Looking ahead, Xie and his colleagues plan to conduct further experiments with stable lava tubes, which China is also considering as a potential base. “For the first time, we have sent six species from Earth to the Moon for biological experiments, an important milestone in establishing a basis for human survival on the Moon,” he said. “Our team is currently investigating how to create human bases and space farm experiments using lunar lava tube caves.”

NASA plans to send astronauts to the moon for the first time since the Apollo era in less than two years. China hopes to follow suit by sending the first taikonauts to the moon’s south polar region by 2030. These and other organizations such as ESA, Roscosmos and the Indian Space Research Organization (ISRO) have no less long-term goals. Establishing a permanent human outpost on the Moon that will enable research, exploration, international cooperation and deep space missions. An important aspect of this will be the use of local resources to meet crew needs.
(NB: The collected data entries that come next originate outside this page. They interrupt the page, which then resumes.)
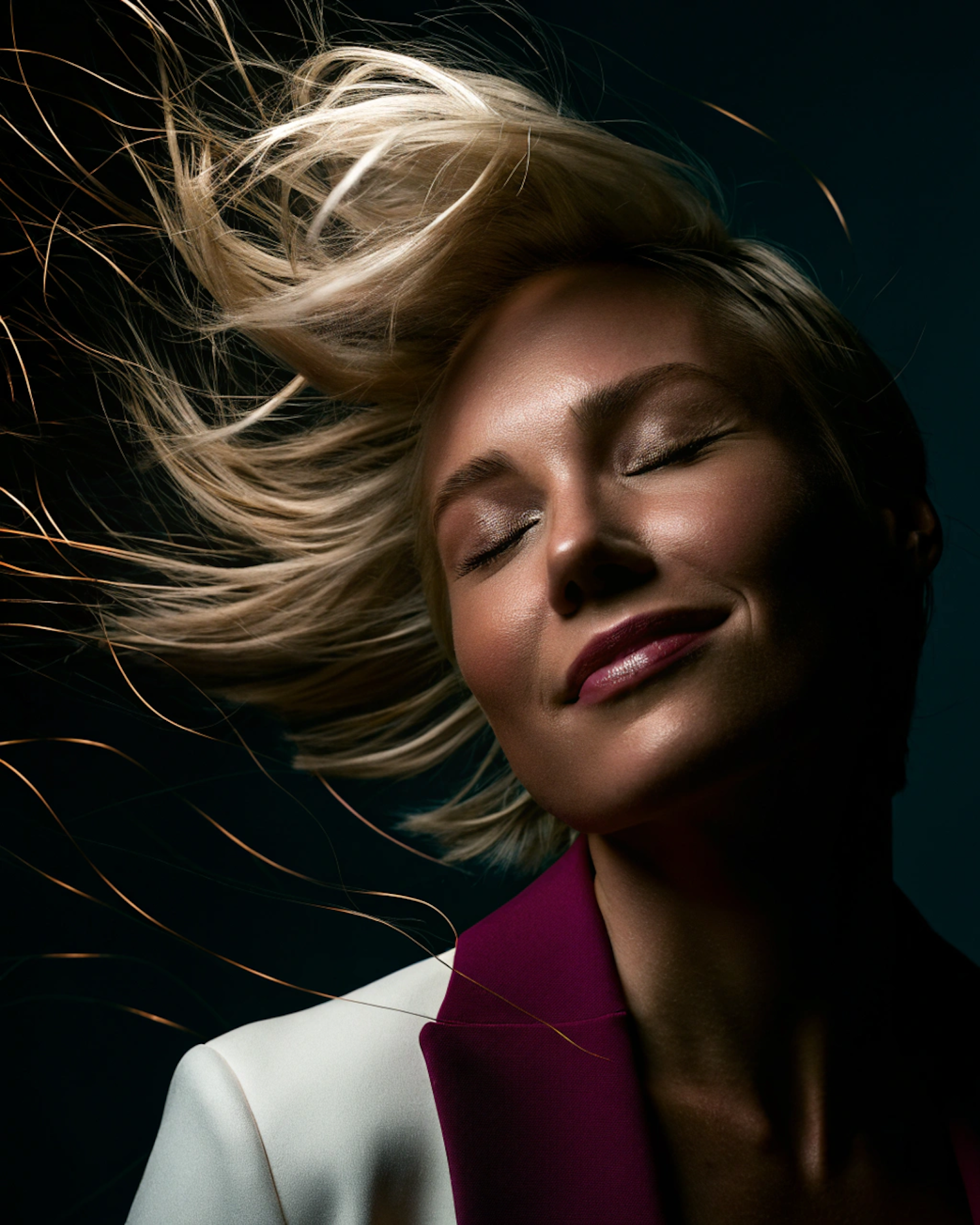 A striking portrait of a woman with blonde hair swept back, closed eyes, and a serene expression, wearing a white blazer with a magenta collar.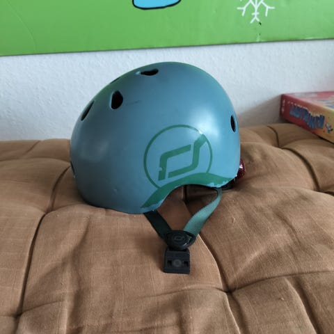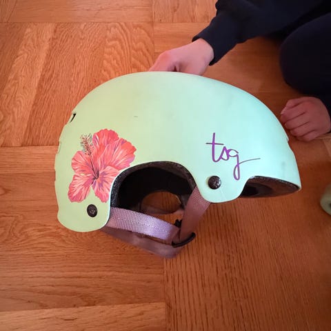Molo cykelhjelm i hård plast med indvendig støddæmpende skum. Hjelmen er gul og flerfarvet med striber og stjernemotiv. Justerbare remme under hagen med klikspænde. Flere ventilationshuller i toppen og bagtil for luftcirkulation. Velegnet til cykling eller løbehjul for børn, afhængigt af størrelse og pasform.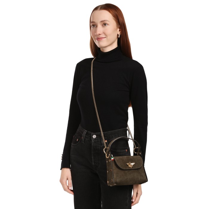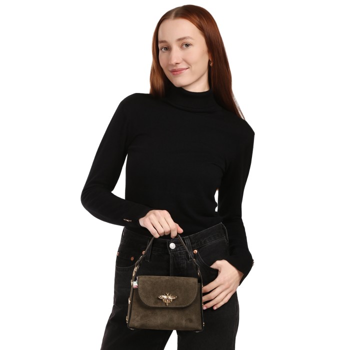 Umhängetasche Biene Wildleder Damen olivgrün Florence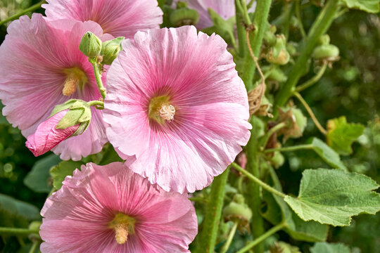 Closeup of blooming pink hollyhock flowers against a background with green leaves in summer.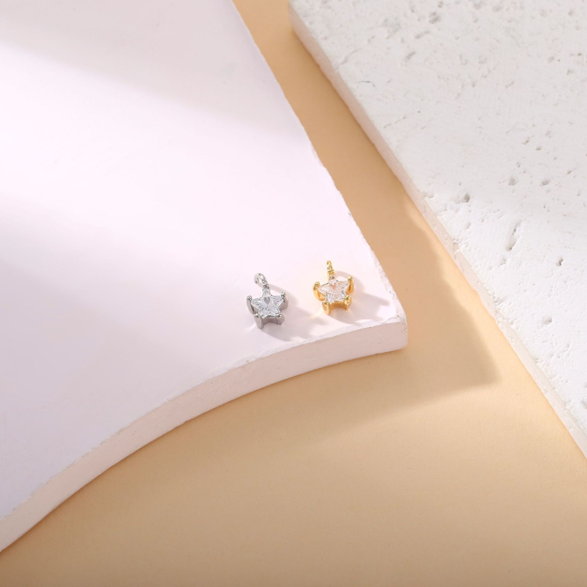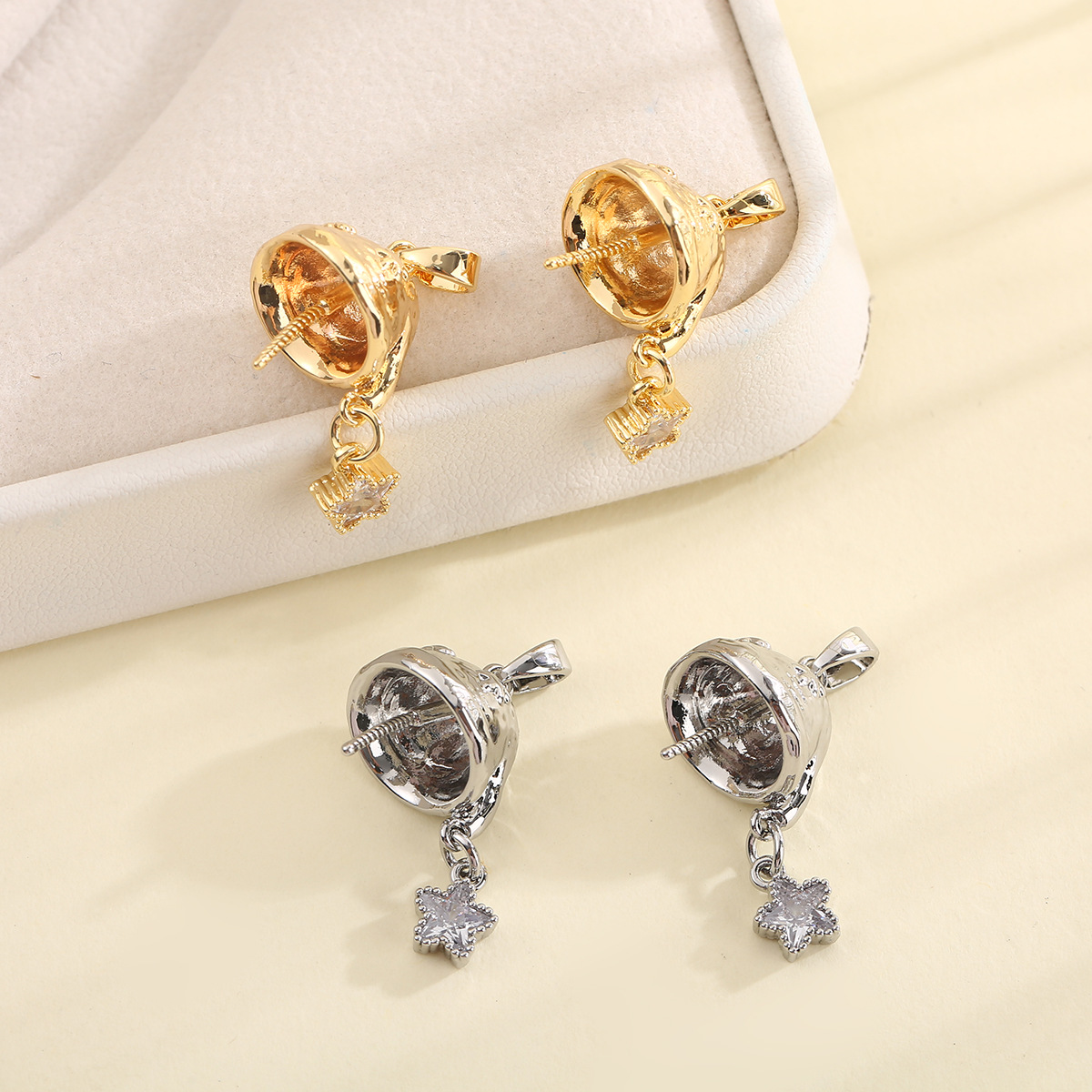 DIY珍珠配件微镶锆石星星铜镀18k金吊坠空托时尚可爱独特设计精致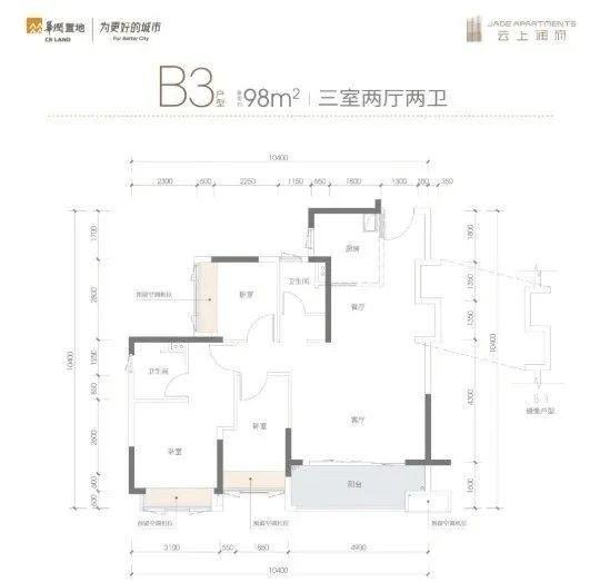 B2户型:经典竖厅格局,客厅3.45米开间,连接6.2米长的大阳台,得房率83.76%,西南、东南或西北向。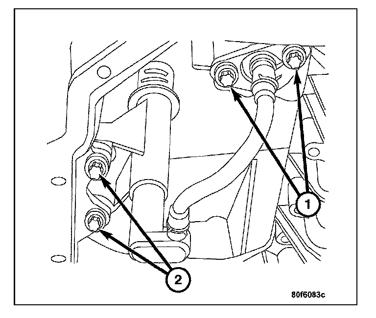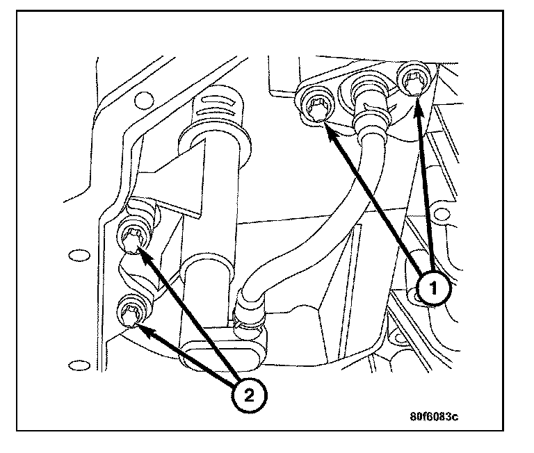 4. Remove the two harness retainer screws (2) and the oil level/temperature sensor.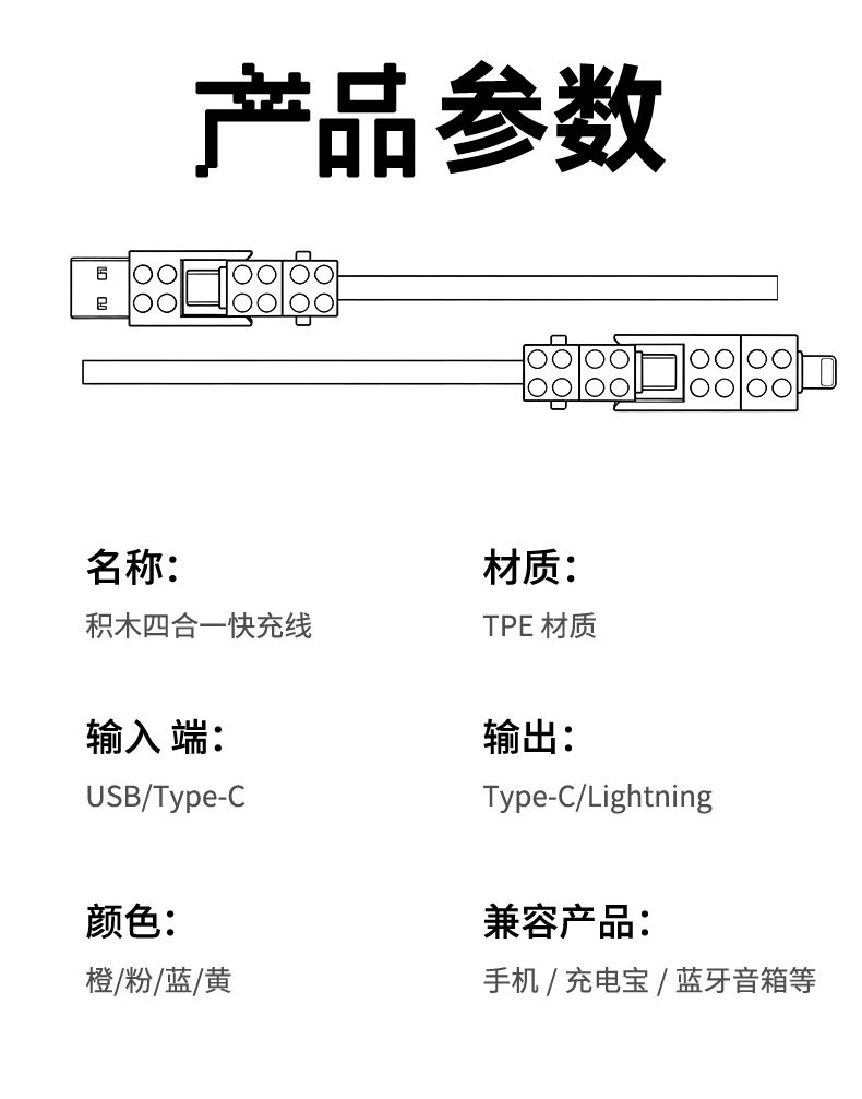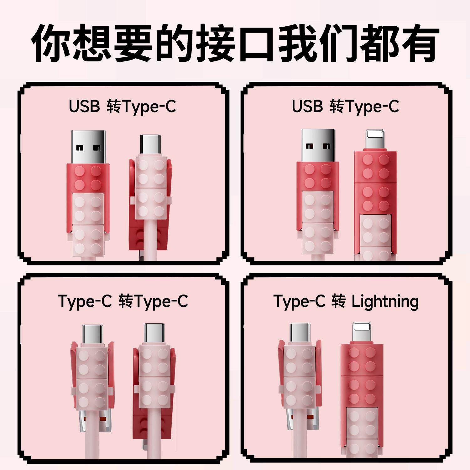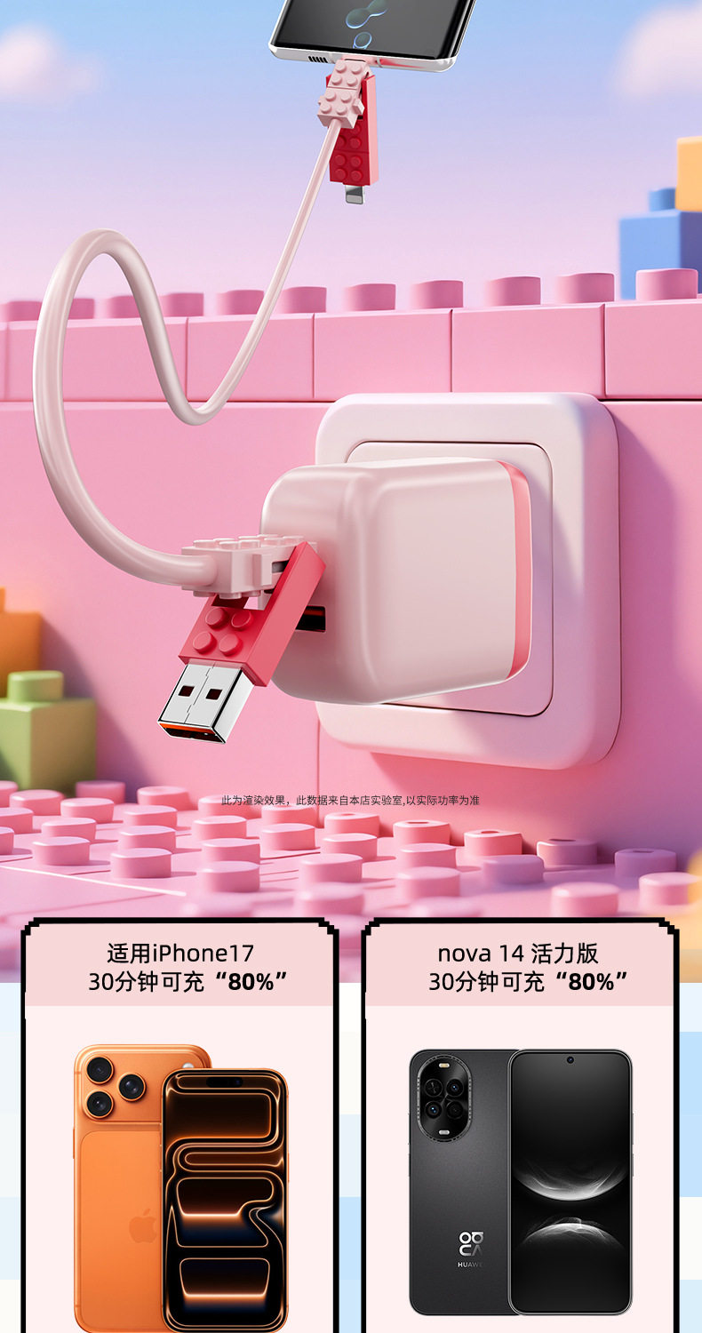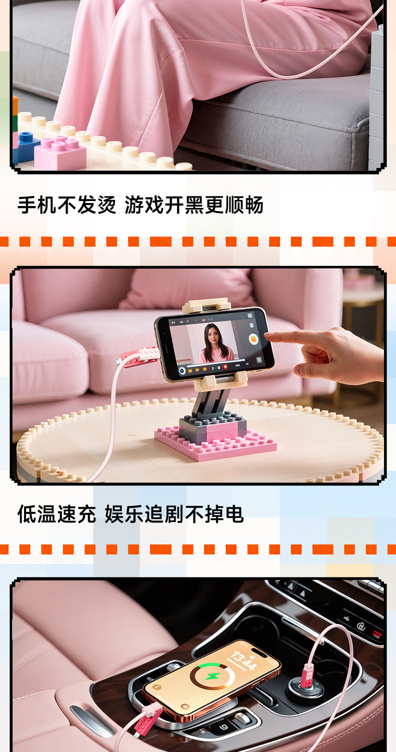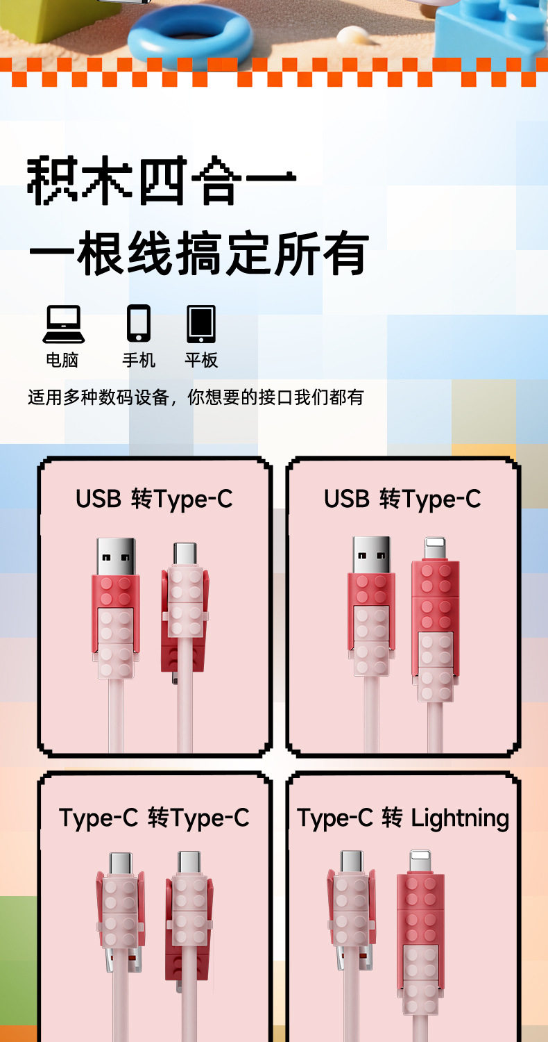 lego building blocks four-in-one data cable [pink cherry] 1 m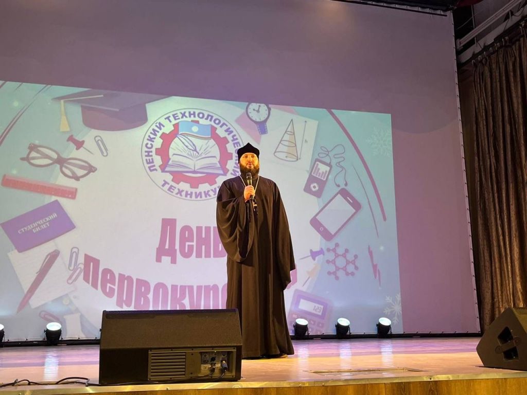 Клирик Ленского благочиния поучавствовал во Дне посвящения в первокурсники Ленского технологического техникума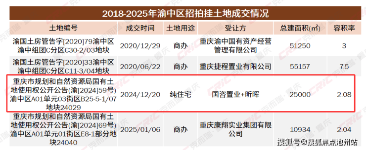 渝中区的供应稀缺,首先源于“源头断供”—— 住宅用地长期缺位,导致新房市场选择有限。克而瑞数据显示,2018年至2025年之间,共有4宗土地成交,但其中3宗均为商办用地,纯住宅用地有且只有一宗,即见山台所在地块,其余年份均无住宅用地供应。

One of the best ways to ensure constant food, breathable air, and crew health (physical and mental) is to build living quarters that can accommodate greenhouses and plant experiments. In short, astronauts must bring with them elements of the Earth biosphere to live, work and thrive in an extraterrestrial environment. The lessons learned from this study will help pave the way for anyone considering leaving.